> Record excerpts
────────────────────
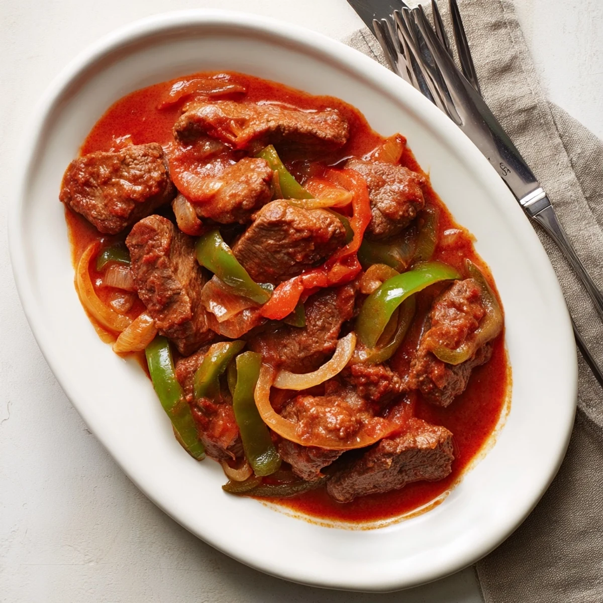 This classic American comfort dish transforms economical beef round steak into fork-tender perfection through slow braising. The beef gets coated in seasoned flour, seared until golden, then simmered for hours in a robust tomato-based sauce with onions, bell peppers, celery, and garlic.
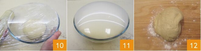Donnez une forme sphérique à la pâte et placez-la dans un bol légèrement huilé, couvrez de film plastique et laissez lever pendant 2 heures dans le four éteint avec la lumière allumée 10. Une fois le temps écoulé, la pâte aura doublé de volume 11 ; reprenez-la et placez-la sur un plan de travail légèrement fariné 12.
────────────────────
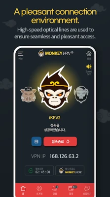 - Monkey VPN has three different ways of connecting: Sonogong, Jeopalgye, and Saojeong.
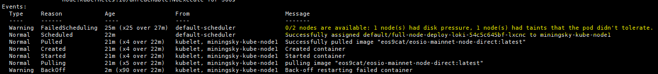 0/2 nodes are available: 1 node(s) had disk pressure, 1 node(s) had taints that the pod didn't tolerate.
────────────────────
> Try it
Among the records above, locate the line containing "This classic American" and the line containing "Donnez une forme", then transcribe exactly the lines starting at the first and ending at the second, with no pictures.

> Solution below
 This classic American comfort dish transforms economical beef round steak into fork-tender perfection through slow braising. The beef gets coated in seasoned flour, seared until golden, then simmered for hours in a robust tomato-based sauce with onions, bell peppers, celery, and garlic.
Donnez une forme sphérique à la pâte et placez-la dans un bol légèrement huilé, couvrez de film plastique et laissez lever pendant 2 heures dans le four éteint avec la lumière allumée 10. Une fois le temps écoulé, la pâte aura doublé de volume 11 ; reprenez-la et placez-la sur un plan de travail légèrement fariné 12.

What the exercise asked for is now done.